La plaza es hermosa y está desierta. El pasto es de un verde muy brillante, y allí se respira un aire limpio y sutil, distinto al de las otras zonas de París.
Comienza a preocuparme que el sueño se prolongue excesivamente. Advierto que no me es posible hacer nada para que cese, y si bien puedo seguir perfectamente las acciones simultáneas quisiera verme libre de esta preocupación adicional; pienso que ya tengo suficiente con mis problemas de vigilia.
(El juicio es fatigoso e interminable; los jueces me hacían preguntas complejas, que yo no lograba entender por completo; por lo general me perdía al comienzo de una frase, y cuando trataba de retener el sentido de lo que había escuchado notaba que la frase seguía y yo no había prestado atención; y seguía, aún, y yo ya no procuraba entender, sino recordar el principio que se me había borrado. Así, cuando concluía la pregunta, yo no sabía qué contestar, y esto era evidentemente interpretado de manera desfavorable por los jueces, quienes se miraban significativamente, movían la cabeza, y la maldad brillaba en sus ojos; y ya estaba otro de ellos comenzando una nueva pregunta.)
En mi mente buscaban ordenarse los recuerdos y los pensamientos, las explicaciones y las fantasías. Había entornado los ojos y tenía la cabeza inclinada sobre el pecho. Entre todas las corrientes que fluían y se ubicaban había una que se destacaba especialmente, que las recorría todas sin encajar con ninguna: la idea de que había realizado un viaje en ferrocarril de trescientos siglos, de que en ese viaje había sucedido algo, tal vez conmigo mismo, que lo invalidaba; que el propósito que me había llevado a emprenderlo ahora yacía olvidado e inútil.
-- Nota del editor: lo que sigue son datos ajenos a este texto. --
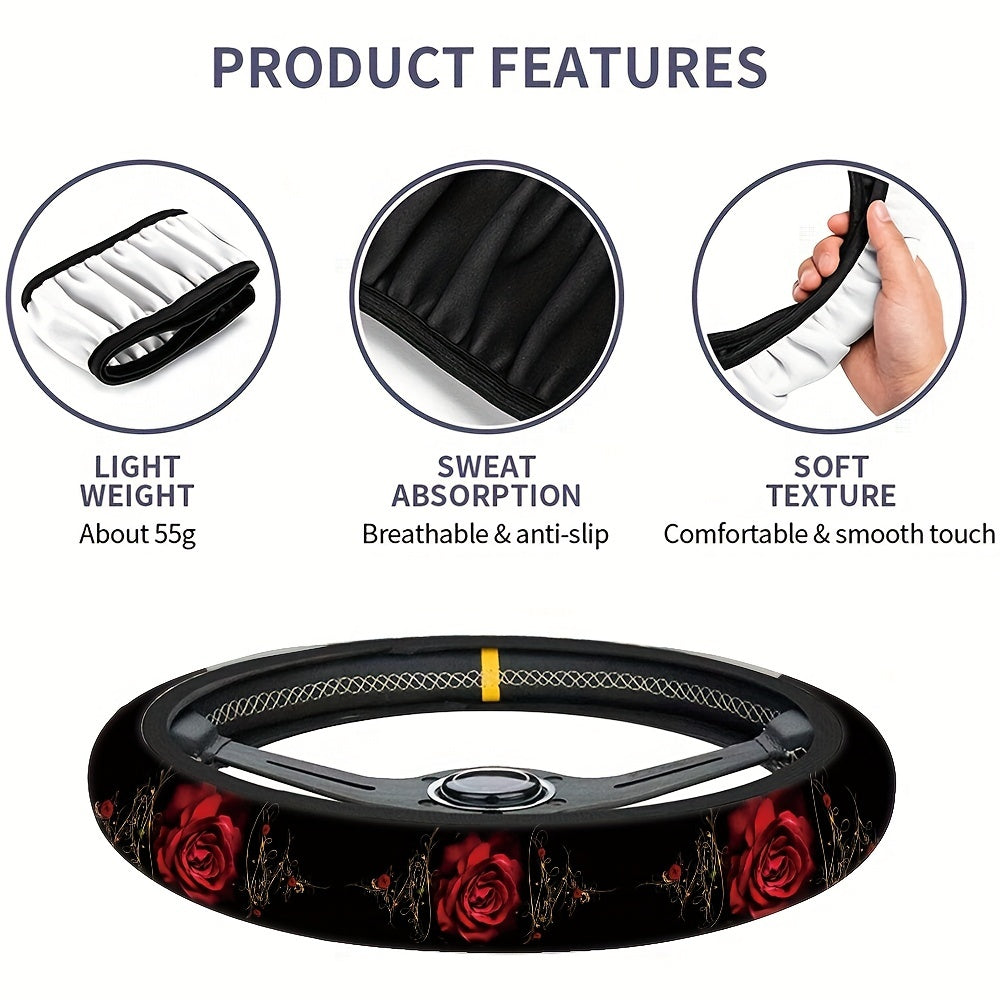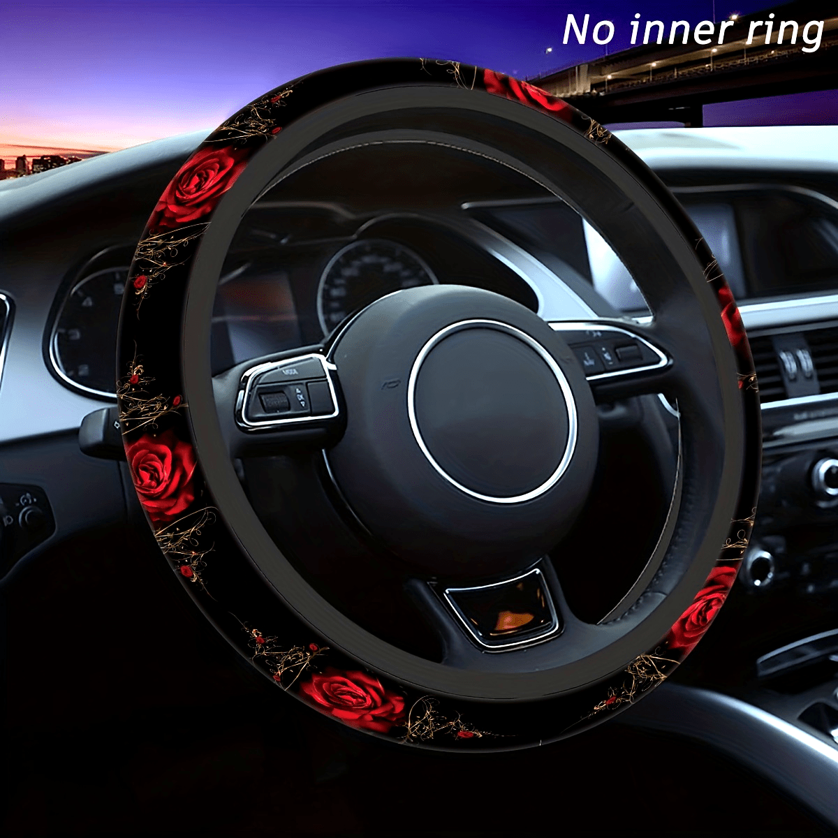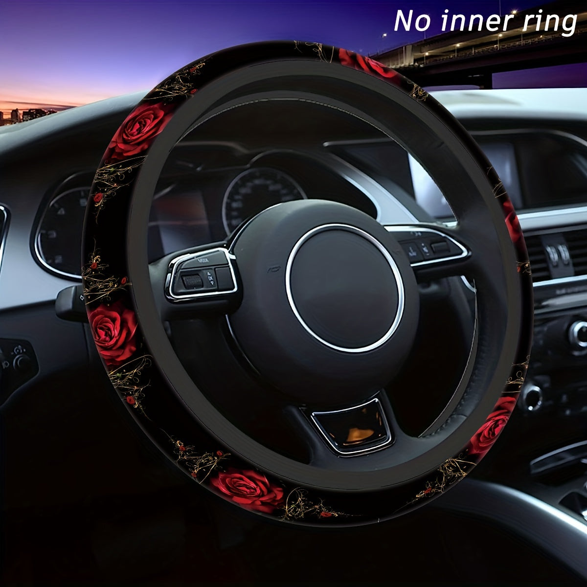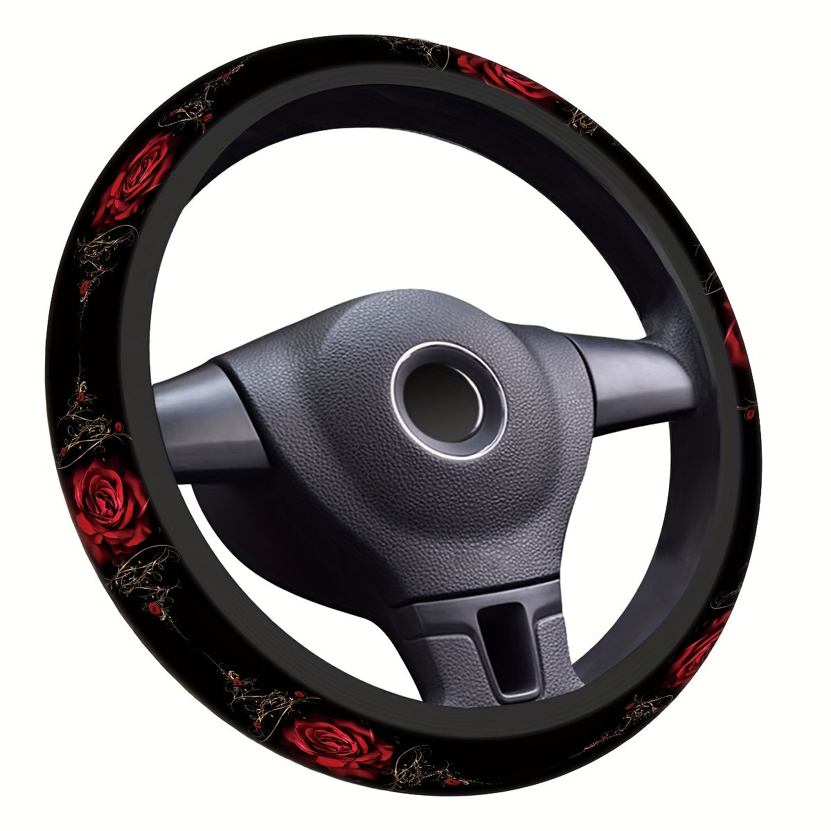 Avtomobil boshqaruv g'ildiragi qopqog'i Qizil gul bosimi Moda Universal mos keladi

Que mi presencia en París no tenía, ahora, ningún motivo.
– Sin embargo -dijo una voz que me sobresaltó; levanté la vista y me encontré ante un individuo alto y delgado, pulcramente vestido de blanco desde el sombrero hasta los zapatos, y portando un bastón de puño nacarado; la cara quedaba oculta en la proyección de las alas de su sombrero, aunque podía notar cómo resaltaba el blanco de sus ojos alargados-, sin embargo no me parece insensato emprender un viaje para darse cuenta de su inutilidad. Si usted cambia esa desesperación actual por una calmada desesperanza, habrá obtenido algo que muchos humanos anhelan.
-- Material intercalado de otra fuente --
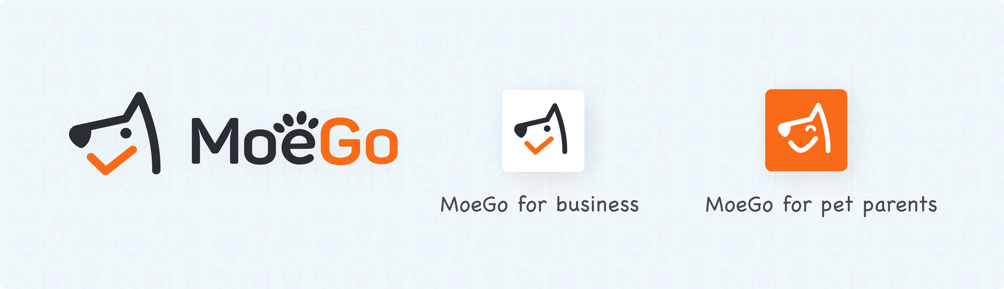 We hired the best Logo designer we could find. After weeks of the back-and-force discussions, we landed on the current logos (see below) as our business logo and consumer app logo. We really liked the idea of the orange check mark in the dog's face, creating a sense of productivity. While for the MoeGo pet owner app, the check mark changed to a mild curve line mimicking smiling. We hope that your clients will be even happier when you use MoeGo since you will become more productive, haha!

El final me llegó desde cierta distancia, pues el hombre había echado a andar por la mitad de la frase y ahora lo veo alejarse, su blanca espalda tratando de perderse entre los árboles. Me pongo de pie y corro tras él.
(Creí entender que se me estaba juzgando no por haber interrumpido el partido de básquetbol, sino por haber presenciado la muerte de algo como un pájaro; los jueces hacían frecuentes referencias a este hecho oscuro que yo sabía de algún modo verdadero, aunque no pudiese recordarlo; me sentía cada vez más culpable y llegué a temer que en algún momento, en el pasado, hubiese llegado realmente a dar muerte a un ser volador; pero los jueces no me acusaban de ello, y ni siquiera parecía importarles demasiado el hecho en sí, sino que hacían hincapié en mi participación como testigo -cosa que creían mucho más grave y reprobable. Los interrumpí, porque ya no podía tolerar más la angustia y la culpa, y pedí que me condenaran a muerte de inmediato; ellos se miraron brevemente y comenzaron a reír, con maldad, y no dejaban de reír.)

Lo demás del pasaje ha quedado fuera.